The biggest bug I've been working on has been the fact that, until now, exception declarations for operators overloaded at the C++ level have not been respected in the generated C++ code. This means that, when an operation like a + b ought to throw a C++ error, catch the C++ error, then translate it into a Python error, the only thing that really happens is the whole program crashing due to an uncaught C++ error. Fixing this has been a little tricky since temporary variables must be allocated and used to store the result of each operation, and many of the overloadable operations are handled separately throughout the Cython code. In spite of the fact that this is a large and delicate bug to fix, I have managed to get everything working for arithmetic and unary operators. Indexing and function calls still need more work/testing.

I've also been discussing the best way to do multidimensional indexing with the Cython developers. In C++, multidimensional indexing of C++ objects can be written easily as "a(1, 2, 3)". That is all well and good, except that such an expression cannot be used properly as a left-value in assignment in Cython even though that is perfectly valid in C++. The primary reasoning as far as I can tell is that allowing that would be decidedly un-pythonic. My personal preference is very strongly toward allowing the C++ syntax when working with C++ objects, but we're still trying to settle on a reasonable solution.

I've also resurrected an existing patch to allow using an overloaded call operator for stack-allocated objects and put in some initial code toward allowing users to declare and use an overloaded operator= for a C++ class. There will be more patches coming soon on that.

Once I've fixed a few more of these Cython bugs, I expect to be able to continue my work in refactoring DyND's Python bindings to make the transition between Python, Cython/DyND, and C++/DyND much smoother.

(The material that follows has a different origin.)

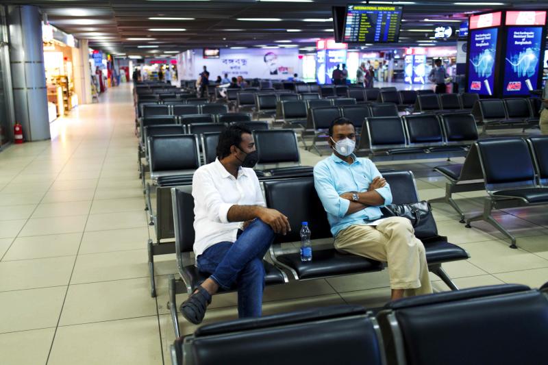 Passengers wearing face masks as a preventive measure against the spread of the coronavirus outbreak, wait to board their plane at Hazrat Shahjalal International Airport in Dhaka on March 8, 2020.
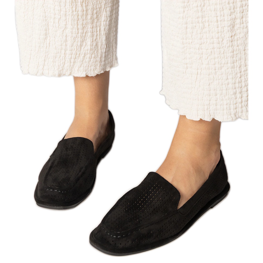 Moccasins made of ecological suede leather not only ensure durability, but also aesthetic appearance. The openwork pattern gives them lightness, which makes them a great choice for spring and summer days. These black, slip -up loafers blend in well with both everyday and more elegant stylizations, which makes them a versatile element of clothing.

Structure Plans and More Examples

Despite a few setbacks, these past two weeks have been ones of progress. I was able to work with my mentors, Mark and Irwin, to come up with a plan for how to restructure the C++ namespaces in dynd-python. We opted to separate the namespaces for the Python interoperability functions and the namespaces for the primary DyND C++ functionality. This will make it so that Cython wrapper types for specific C++ types can have the same name without causing any sort of naming conflict. Users that want to use both types within the same file can use the different namespaces to separate them. Within Cython this will be even easier since types can be aliased on import the same way Python objects can. I finished the name separation work shortly after my last blog post.

We also developed a plan with regards to how to structure the pxd files so that they can be easily used in third party extension modules. I'm working to separate the existing Cython pxd files in the project so that there is one for each header. That will make it so that the structure of the headers is clear and it will be easy to add new declarations. It will also make it so that projects that do not wish to include swathes of project headers will be able to avoid that when they only want to include specific things. On the other hand, for users that want to throw something together quickly, I'll also put together another set of pxd files that use Cython's relative cimports to mimic the namespace structure currently in the DyND library. I am in the process of that restructuring, and hope to be able to get it done soon.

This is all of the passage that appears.